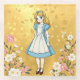 Das ist ein hübscher Luxe Alice im Wunderland Untersetzer. Das Bild zeigt Alice in der Mitte mit einem blauen und weißen Pinavorboden. Es gibt Blume auf beiden Seiten und der Hintergrund ist goldgelb. Der Untersetzer ist ein Untersetzer aus viereckigem Glas. Der Untersetzer ist Geschirrspüler-sicher. Das Design entstand aus generativer Kunst.
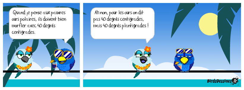 Case 1:Bird 1: Quand je pense aux pauvres ours polaires, ils doivent bien morfler avec 40 degrés centigrades. | Case 2: Bird 1: Ah non, pour les ours on dit pas 40 degrés centigrades, mais 40 degrés plantigrades ! | Case 3:
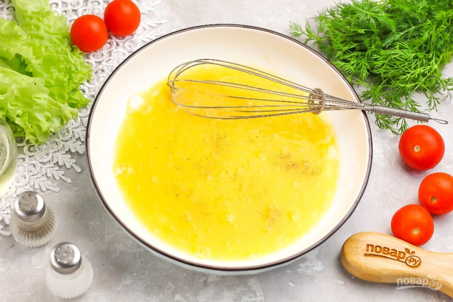 Куриные яйца вбейте в глубокую емкость: миску или салатник и взбейте с помощью венчика или вилки с солью и молотым черным перцем. Отбитое мясо солить и перчить не нужно, специи добавляются в кляр. По желанию можете добавить и другие специи, пряности.
---------------
EXERCISE. Nothing but the lines from the one that contains "Case 1:Bird 1: Quand" through the last line of the material should be written out, exactly. Omit pictures.

ANSWER TO THIS PROBLEM.
 Case 1:Bird 1: Quand je pense aux pauvres ours polaires, ils doivent bien morfler avec 40 degrés centigrades. | Case 2: Bird 1: Ah non, pour les ours on dit pas 40 degrés centigrades, mais 40 degrés plantigrades ! | Case 3:
 Куриные яйца вбейте в глубокую емкость: миску или салатник и взбейте с помощью венчика или вилки с солью и молотым черным перцем. Отбитое мясо солить и перчить не нужно, специи добавляются в кляр. По желанию можете добавить и другие специи, пряности.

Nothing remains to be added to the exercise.